時々表面を水でなめらかにし、低温の外気で固めていき内部も磨いて補強していく。
日が頭上に昇りお昼になると、少々不格好だがいい感じのかまくらになった。
「まぁ上手にできたねぇ!かまくらなんて久しぶりに見たわ」
おばあちゃんがまるで少女のように目を輝かせて喜んでいる。
それにしても雪の重みは半端ない。腰は痛いし、朝食しっかり食べたのにすぐお腹が減る。
「寒いと体温を上げようとしてカロリー使うけんね。お昼はカレー作ったけん、しっかり食べ」
鳥取県は家庭でのカレー消費量が多い県らしい。理由のひとつにつけあわせのらっきょうの名産地であることも挙げられると聞いたことがある。
料理の得意なおばあちゃん、ぬか漬けやらっきょうの酢漬け以外にも、梅干しや梅酒もビンに詰めて保管している。
昔ながらの土間の台所には、手作りの保存食が色とりどりに並んでいる。
昼食のカレーには長芋が入っていた。これも鳥取の特産品だ。とろりとしたルゥの中にシャキシャキの食感。
「えっ!めっちゃおいしいこれ」
お肉はやわらかい鶏肉。
「鶏は大山鶏だけん、ここでしか食べられんばあちゃんスペシャルの鳥取カレーだが」
「来てよかった。ほんとめちゃめちゃおいしい!らっきょうの甘酢漬けも最高っ」
無口なおじいちゃんは普段褒めることはないようで、絶賛されおばあちゃんはにこにことうれしそう。
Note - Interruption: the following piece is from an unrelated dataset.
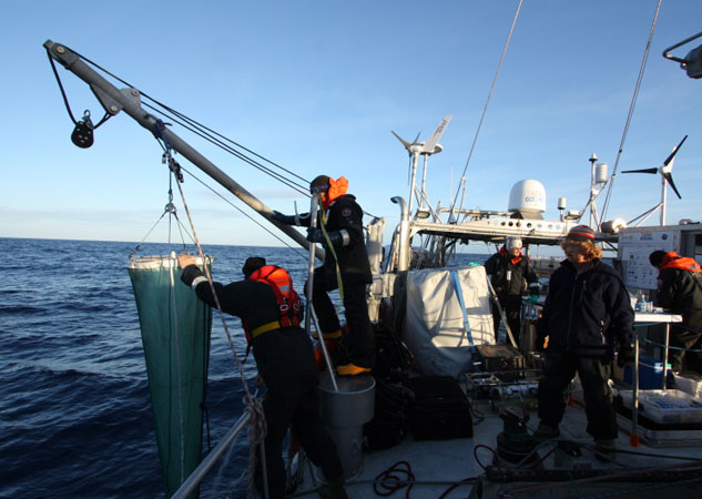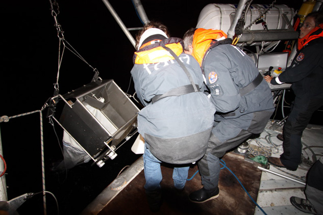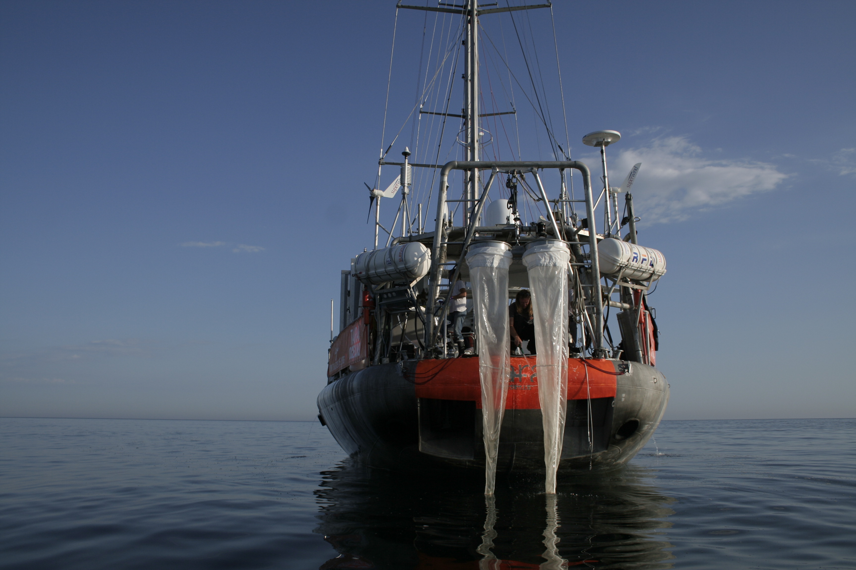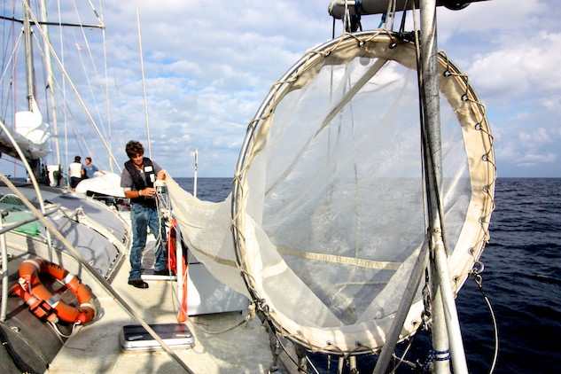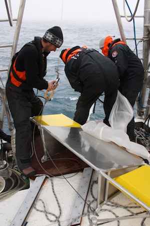Lors d'une station de prélèvement, les derniers instruments scientifiques à entrer en action sont les filets. Ils sont descendus à différentes profondeurs, parfois à l'aide d'un poids, selon ce que l'on cherche à échantillonner. C'est au cours de leur remontée qu'ils «pêchent » jusqu’à la surface tous les animaux et les organismes plus petits que leur maille, sur leur passage. Le contenu du collecteur est ensuite vidé, filtré et recueilli dans de petites bouteilles puis transvaser dans les tubes et microtubes... Les filets sont soigneusement rincés pour ne pas garder de traces des organismes. Ils sont ensuite séchés sur le pont du navire et stockés jusqu’à la prochaine station d’échantillonnage.
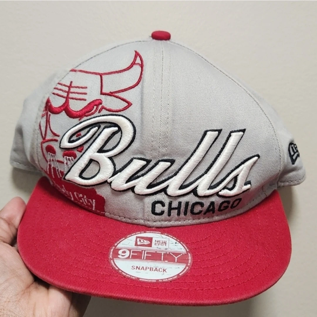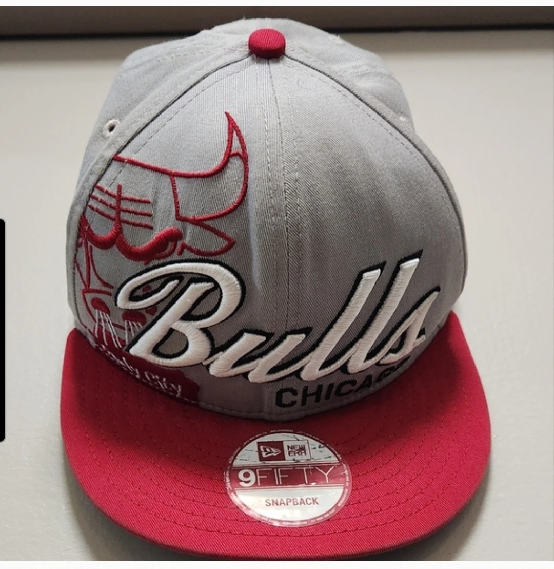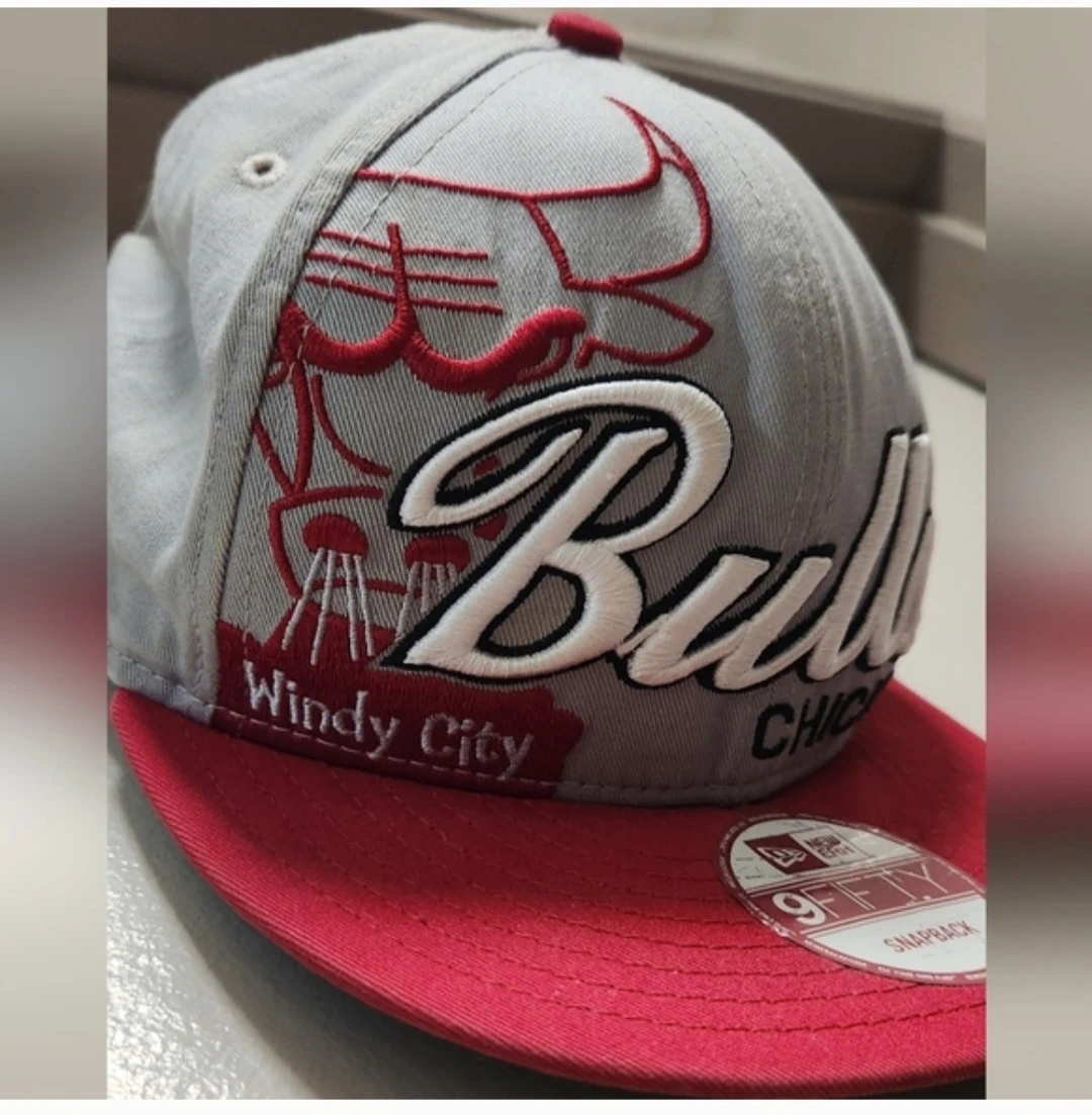 This is a Vintage New Era 9FIFTY snapback hat featuring the Chicago Bulls logo. It's gray with a red brim and includes 'Windy City' embroidery. This cap is adjustable for a comfortable fit.

飯がうまい。心底そう思った。悲しくてどん底のクリスマスイブだったけど、辛い気持ちを今頭の中から追い出せてる。
それに僕にはやることがある。
そのことに意識を向けることで、嫌な記憶を振り返らないで済む。
あの子との約束を思い出さなくては。
そして、もうひとつ気付いたことがある。
無心で身体を動かし、労働のあとのごはんがこんなにもおいしいということを。